Major US Agency to Keep COVID-19 Vaccine Mandate Despite White House Announcement

Major US Agency to Keep COVID-19 Vaccine Mandate Despite White House Announcement
Syringes containing the Moderna COVID-19 vaccination for 6 month olds to 5 year olds lay on a table waiting to be used at Temple Beth Shalom in Needham, Mass., on June 21, 2022. (Joseph Prezioso/AFP via Getty Images)

A major federal agency is keeping its COVID-19 vaccine mandate in place even as most agencies are ending their vaccination requirements.

The Department of Veterans Affairs (VA) is retaining its mandate, Secretary Denis McDonough said in a message to employees reviewed by The Epoch Times.

The White House’s announcement that many mandates are ending “will not impact” the VA, McDonough said. “To ensure the safety of Veterans and our colleagues, VA health care personnel will still be required to be vaccinated at this time,” he told workers.

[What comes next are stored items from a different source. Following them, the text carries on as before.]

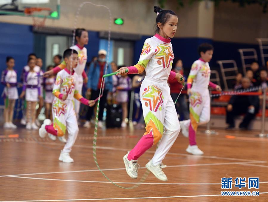10月31日,北京石油学院附属第二实验小学的选手在小学集体花样规定赛比赛中。 当日,2020年北京市中小学生民族传统体育节花样跳绳比赛在北京市第八中学京西附属小学举行。 据了解,本次花样跳绳比赛设有中学集体花样自编赛、中学集体花样规定赛、小学集体花样自编赛、小学集体花样规定赛四个比赛项目。 新华社记者 任超 摄
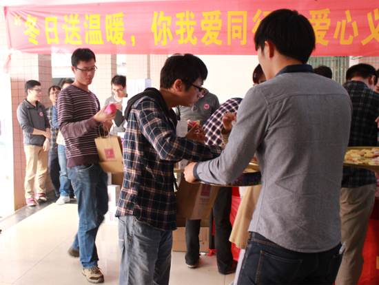 2014年11月17日中午,行政事务部携手第一党支部在2号楼一楼大堂组织开展“冬日送温暖,你我爱同行”主题义卖助学活动,取得圆满成功。活动得到了公司领导和广大热心员工的积极响应,100个“膳魔师”牌保温杯全部售罄,共筹集善款13516元(含第一党支部捐助的5500元成本费用)。全部善款将兑换实物捐助给粤北山区韶关乐昌市坪石镇新岩下村的贫困儿童。
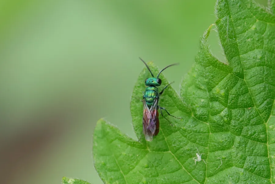 Ich schlage die Goldwespen (Familie Chrysididae) vor.
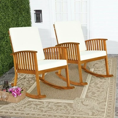 Rock slowly and have a cup of red wine, there’s nothing better than that moment. Forget fatigue of working days and make your whole body relaxed with this rocking chair set. Made of premium solid wood, the frame of the set is sturdy and will serve you for long time. Comes with a round table, it is convenient to place and take snacks and drinks. The backrest of rocking chair is slightly sloping to ensure the most comfortable sitting experience. Equipped with seat and back cushions, the rocking chair will provide long-lasting soft feelings. Plus, the cover of cushion can be removed with zipper for easy cleaning. With rustic and modern style, the chairs and table are perfect to be placed in outdoor or indoor. Specification: Color: Teak. Materials of Chair: Acacia Wood, Fabric, Sponge. Materials of Table: Eucalyptus Wood. Chair Size: 35.5”L x 25”W x 37”H. Table Size: 27.5”L x 27.5”W x 30”H. Load Capacity of Chair: 360 lbs. Load Capacity of Table: 110 lbs. Package include:. 2 x Rocking Chair. 1 x Round Table. 4 x Cushion. 1 x Instructions.
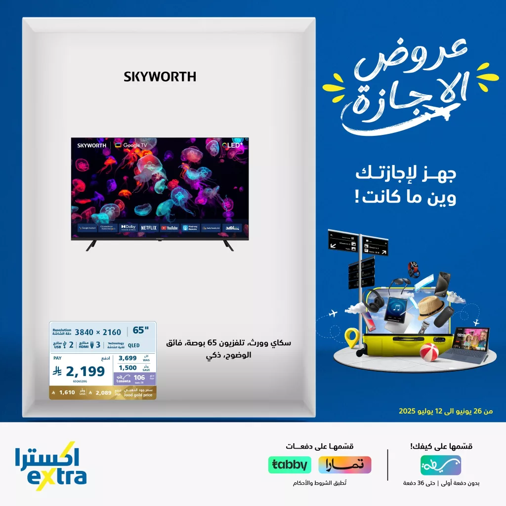 عروض اكسترا السعودية اليوم تتيح لك فرصة اقتناء شاشة تلفاز متطورة من علامات موثوقة مثل سامسونج وال جي بتصميمات مميزة وجودة عالية توفر ألوانًا حقيقية وتجربة صوت وصورة غامرة وتدعم الاتصال السلس بالتطبيقات الذكية مثل نتفليكس ويوتيوب
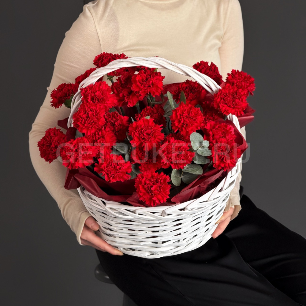 Цветочная композиция из гвоздик в плетеной корзине
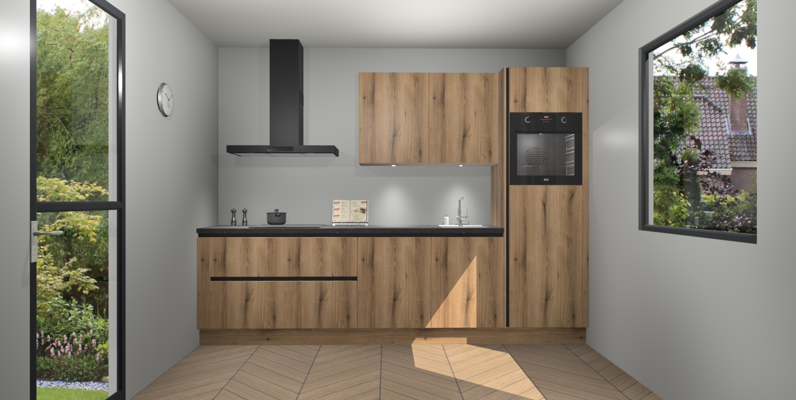 Deze Goud Eiken greeploze keuken van topklasse is ongeëvenaard mooi en is meer dan alleen een lust voor het oog. Hij bevat ook alle nieuwste functies die u nodig hebt om maaltijden te bereiden en te entertainen als een pro. Onze inbouwapparaten zijn handig en geraffineerd en dankzij onze vijfsterrenfuncties maakt u met gemak uw favoriete gerechten klaar. Bovendien zijn de maaltijden snel klaar dankzij ons snelle afleversysteem, waardoor u tijd bespaart zonder aan kwaliteit of smaak in te boeten!
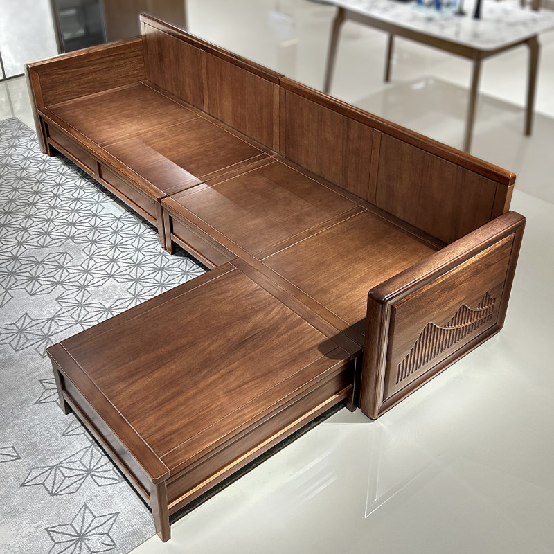 新中式乌金木实木沙发组合大小户型客厅冬夏两用别墅现代储物家具
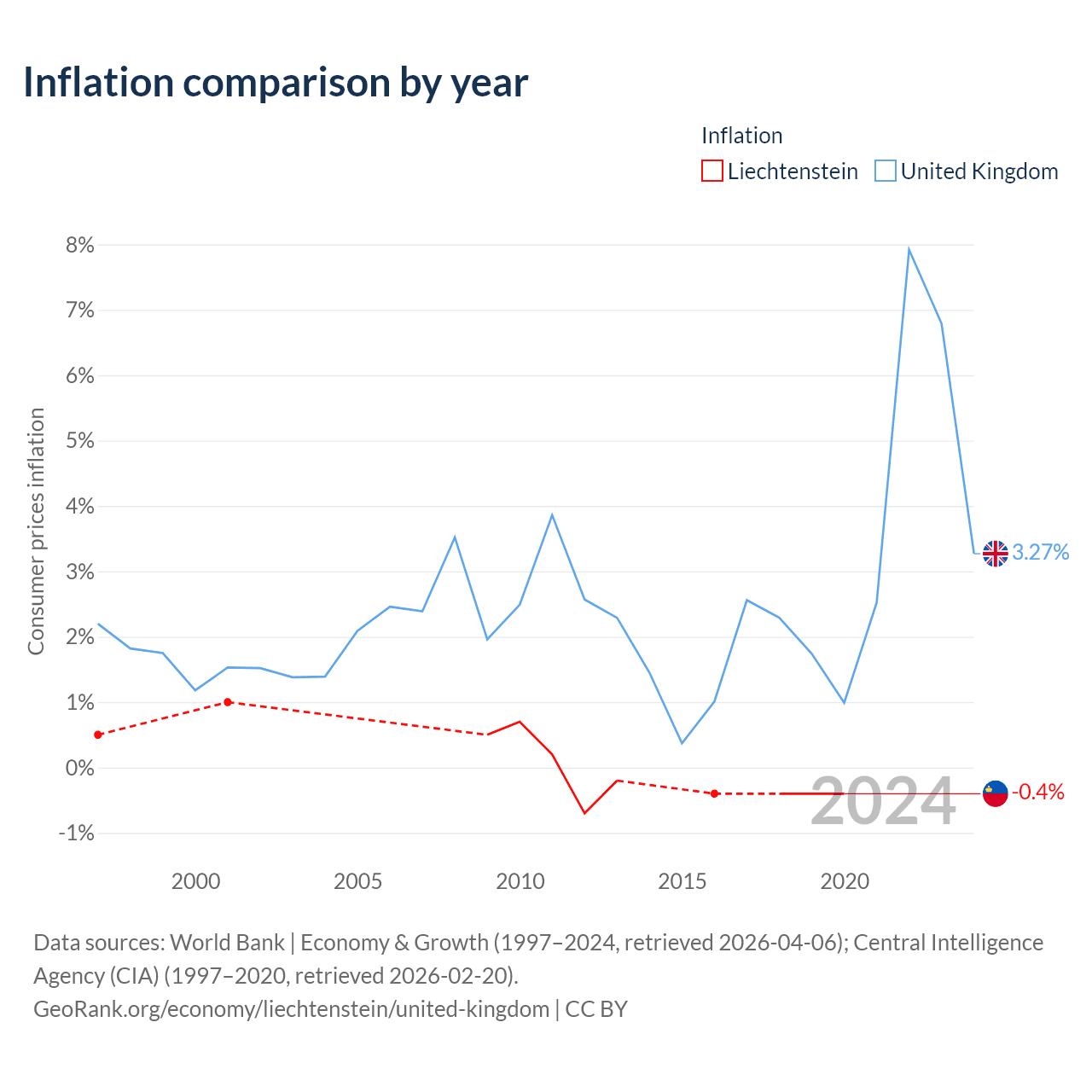 Over the past 24 years, Liechtenstein has recorded an average annual inflation rate of 0.04%, compared with 1.95% in the United Kingdom. In 2020, inflation was -0.4% in Liechtenstein and 3.27% in the United Kingdom.
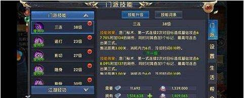 玩家在技能页面升级自身门派技能的同时千万别忘了最下方的帮会修炼也要升级哦。帮会修炼主要分为基础类、提升类、强化类和抗性类四大类。每一类带给玩家的属性提升十分显著。所以玩家在游戏中一定要加入帮会,除了日常活动能领奖励外,对于属性的提升也是必不可少的。
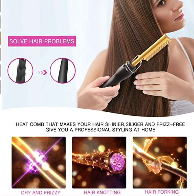 Denna innovativa kam är designad för att ge jämn värme och glans utan att skada ditt hår. Med en keramisk beläggning värms den upp snabbt och är lätt att använda på alla hårtyper.
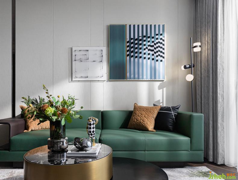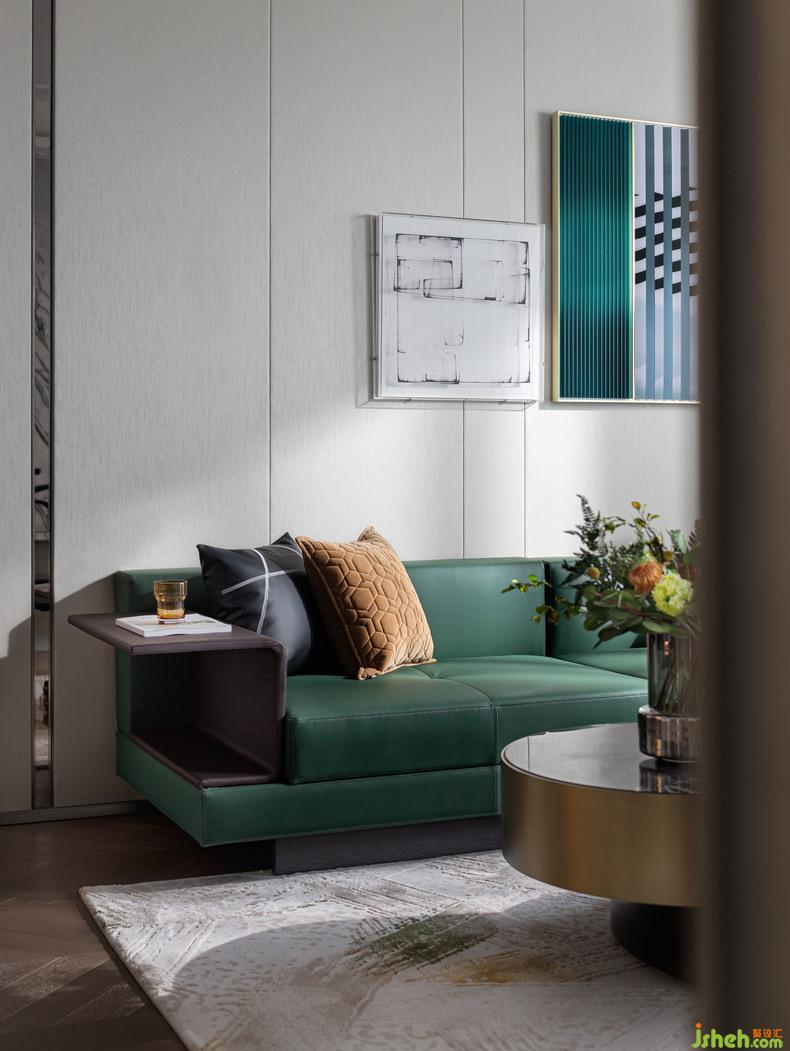 客厅丨热情与冷淡,硬朗与温柔,率性与谨慎.....室内设计师在不断地平衡与取舍中混搭出“家”的趣味性。大胆的墨绿色皮质沙发赋予空间时尚又复古的气息,金色和奢橘的调和出精致感受,现代的灯具与装置,给你一个宅在家的理由。
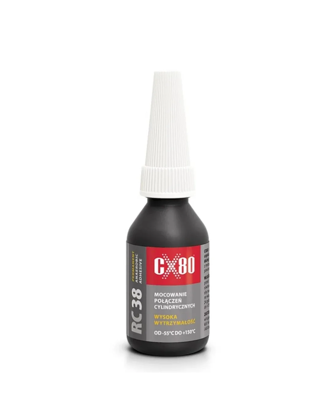 CX80 Уплътнител за резби RC38 10ml е анаеробно лепило за фиксиране на цилиндрични части с много висока якост на свързване. Свързва се при контакт с метални повърхности, при липса на достъп на въздух.
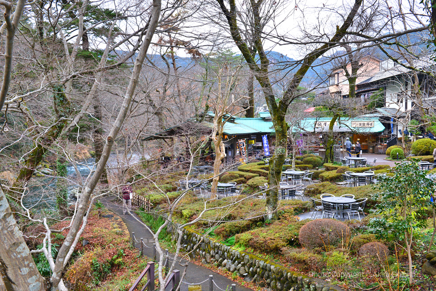 ![]() 桜が咲く頃の澤乃井ガーデンを楓橋からみた景色で右が新緑の景色です。 ![]() 楓橋から見た、冬期の小澤酒造が運営する澤乃井ガーデン(澤乃井園)。
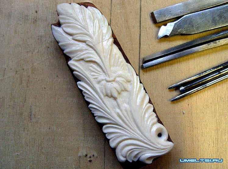 Оптимальный вариант — работать по приготовленному заранее эскизу. Я, например, рисую на заготовке картинку и делаю ее фото, чтобы потом можно было восстановить некоторые элементы. Хотя, признаюсь, нередко бывает так, что я отступаю от первоначальной идеи. Как-никак, резьба — процесс творческий, и работа сама диктует, как должно выглядеть изделие.
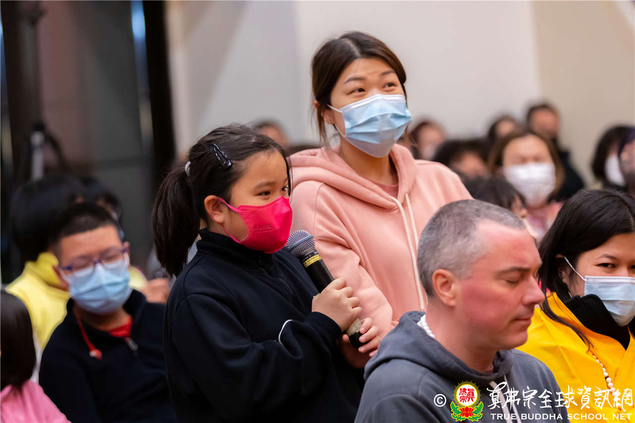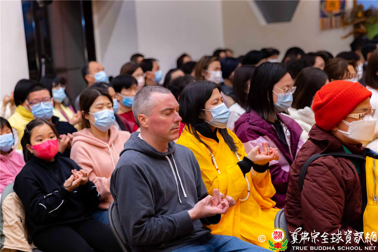 今晚陰雨綿綿,但仍不減四眾弟子想和聖尊蓮生活佛盧勝彥一齊同修地藏王菩薩本尊法的精進心,更有淨印雷藏寺蓮雄長老帶團前來朝聖,西雅圖雷藏寺大殿裡座無虛席。同修前,來自世界各地的弟子們做簡單的自我介紹,其中數位小同門童稚的語音與表情,令人感到非常可親、逗趣。
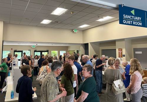 - When you enter the Lobby, you'll see the coffee station close to the sanctuary entrance. Feel free to bring your own coffee tumblers with lids inside. Disposable cups with lids are provided.

“As we transition to this new phase of our response to the pandemic, the vaccine (including booster shots) remains the best way to protect you, your families, your colleagues, and Veterans from COVID-19.”

A VA spokesperson declined to provide any data consulted when choosing to keep the mandate in place.

The VA’s website claims that vaccines “help protect you from getting severe illness” and “offer good protection against most COVID-19 variants,” pointing in part to observational data from the U.S. Centers for Disease Control and Prevention (CDC) that indicate the vaccines provide poor protection against symptomatic infection and transient shielding against hospitalization.

No clinical trial efficacy data has been made public for updated shots from Moderna and Pfizer, and none of the vaccines prevent infection or transmission.

The VA is the second-largest federal agency, employing nearly 400,000 people.

The VA was the first U.S. agency to mandate vaccination for its workers.

“We’re mandating vaccines for Title 38 employees because it’s the best way to keep veterans safe, especially as the Delta variant spreads across the country,” McDonough, an appointee of President Joe Biden, said in a statement on July 26, 2021.

The mandate was later expanded to most Veterans Health Administration employees and volunteers. It covers personnel such as psychologists, pharmacists, housekeepers, social workers, volunteers, and contractors.

“Effectively, this means that any Veterans Health Administration (VHA) employee, volunteer, or contractor who works in VHA facilities, visits VHA facilities, or provides direct care to those we serve will still be subject to the vaccine requirement at this time,” McDonough said on Monday.

VA employees who are not health care personnel are not covered by the mandate.

Mandates imposed by two other agencies, the National Institutes of Health (NIH) and the Indian Health Service, are also remaining in place while the agencies review the requirements, the Biden administration said.

The NIH did not return requests for comment, and the health service declined to provide more details.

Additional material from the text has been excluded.